A new Memorandum of Understanding recently signed between Pheasants Forever, Blue Forest, and the U.S. Forest Service sets the stage for meaningful conservation work across Montana’s Bitterroot Valley through 2028. Starting later this summer, Pheasants Forever and the Bitterroot National Forest will begin implementation in the Nez/Mud area of the Mud Creek Project, a 16,933-acre restoration plan to improve forest health, reduce fuel loads, and contribute to watershed/habitat improvement in southwest Montana. While work is being implemented, the partnership is working to develop new financial solutions that will allow them to implement future forest health and fire risk reductions much more quickly.

Located in the Rocky Mountains, the Bitterroot National Forest/Mud Creek project was selected for restoration efforts due to a current, unhealthy forest system. Overstocked with small trees and brush due to fire suppression and a decline in active, sustainable forest management, the region’s communities, infrastructure, and wildlife are at significant risk for wildfire. Recognizing community safety and forest health are intertwined, public and private stakeholders are acting together to reduce wildfire risk, protect communities, and improve wildlife habitat at a pace and scale never witnessed before in Montana.

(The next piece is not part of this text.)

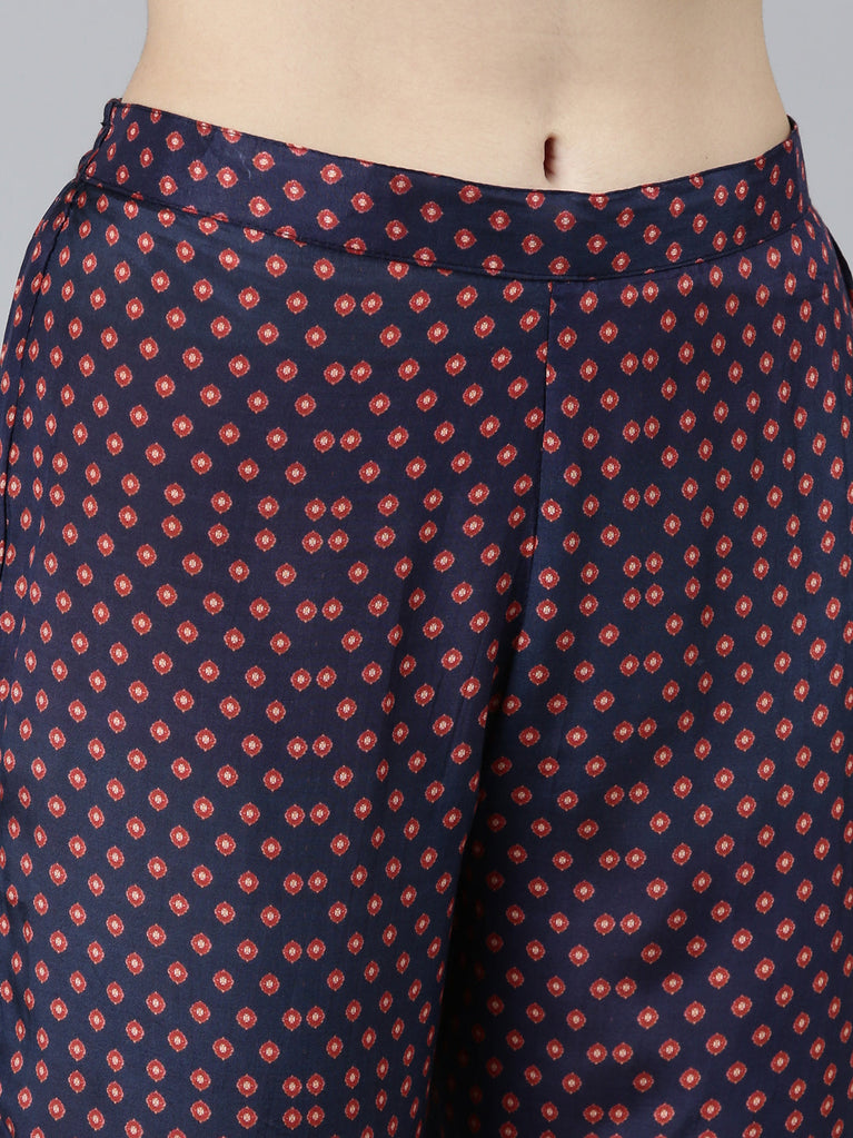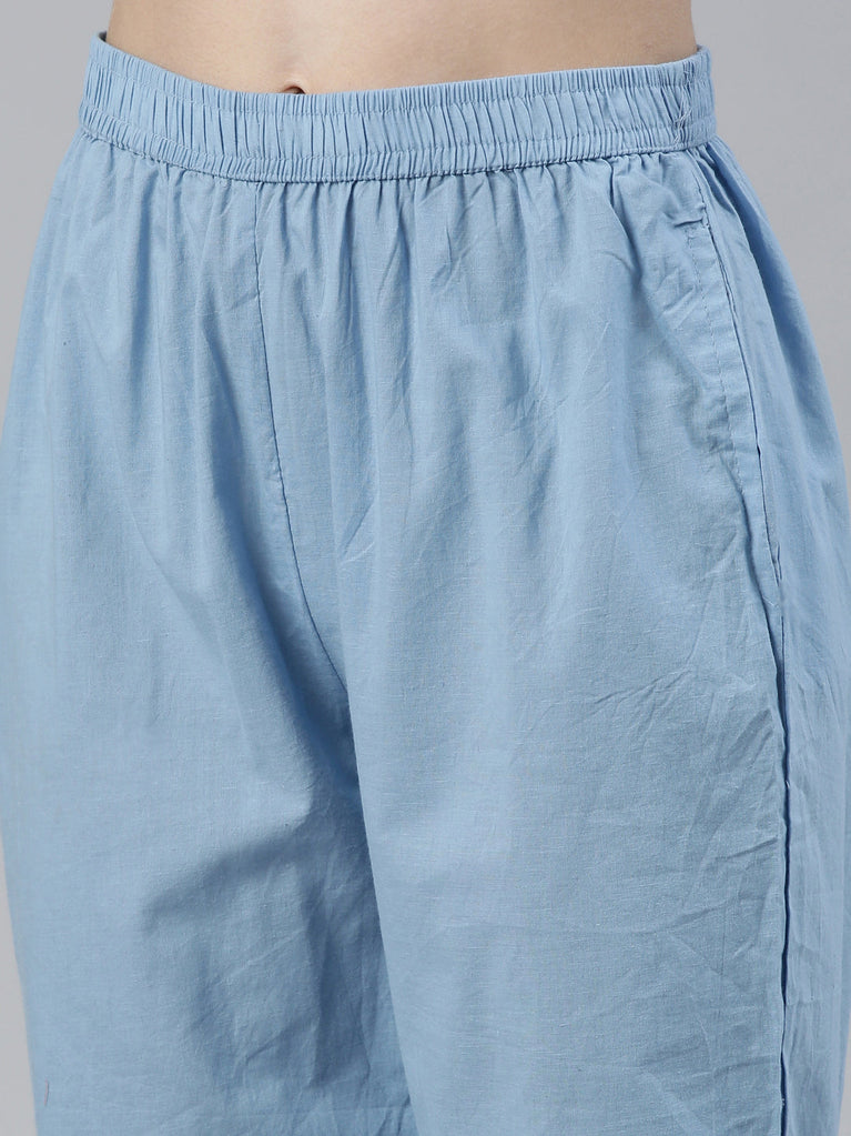 Neeru's Blue Regular Straight Printed Kurta And Trousers

“By implementing forest management efforts at this scale, Pheasants Forever and its partners can safeguard communities from the threat of catastrophic wildfire events while helping grow world-class wildlife populations and robust outdoor opportunities - a winning proposition for southwest Montana,” said Michael Brown, Manager of Innovative Finance for Pheasants Forever and Quail Forever and an implementation partner of the Mud Creek Project. “In terms of forest management, the positive implications this project has for forest grouse, mule deer, elk, native trout, bighorn sheep, and other regionally sensitive species will be tangible.” 

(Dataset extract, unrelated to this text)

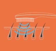 コーム部に搭載された、しなやかなメタルピンが頭皮に直接アプローチすることで、頭皮や顔などを優しく刺激し、頭皮への心地よい刺激が日々の疲れを癒し、心と体のリフレッシュにつなげます。
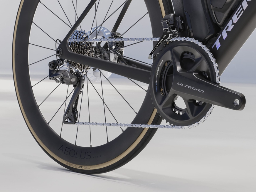 Deslocador Shimano Ultegra R8170 Di2, 12 velocidades Câmbio dianteiro Shimano Ultegra R8150 Di2, brasagem, balanço para baixo Câmbio traseiro Shimano Ultegra R8150 Di2, engrenagem máxima 34T *Manivela Tamanho: XS, S Shimano Ultegra R8100, 52/36, comprimento de 165 mm Tamanho: M Shimano Ultegra R8100, 52/36, comprimento 170 mm Tamanho: ML, L Shimano Ultegra R8100, 52/36, comprimento de 172,5 mm Tamanho: XL Shimano Ultegra R8100, 52/36, comprimento de 175 mm Suporte inferior Praxis, rosca T47, rolamento interno Cassete Shimano Ultegra R8101, 11-30, 12 velocidades Corrente Shimano Ultegra/XT M8100, 12 velocidades Tamanho máximo da coroa 1x: 54T, 2x: 56/43

The MOU is the first step the partners are taking to explore how conservation finance can accelerate restoration work on this landscape. Conservation finance tools, like the Forest Resilience Bond, provide upfront funding to tackle the cost of restoration now, avoid greater costs of inaction, and accelerate the pace and scale of forest management and riverscape restoration projects.

Restoration activities in the Mud Creek Project include:

  • Flat Basin Timber Sale: 1,278 acres of commercial treatment  
  • Mechanical Stewardship Contracts: 4,365 acres of treatment, including thinning and/or hand piling and pile burning     
  • Non-Commercial: Up to 6,435 acres of thinning and/or hand piling and pile burning
  • Prescribed Fire: Up to 13,800 acres of low intensity and mixed severity  

While this MOU specifically includes three parties, the cross-boundary work is made possible by strong local partnerships of many entities at the federal, state and local levels with partners from the Forest Service Region 1 Partnership office, the Bitterroot National Forest, Montana Department of Natural Resources & Conservation, and the Bitter Root Resource Conservation & Development, Natural Resources Conservation Service, Ravalli County, and private landowners.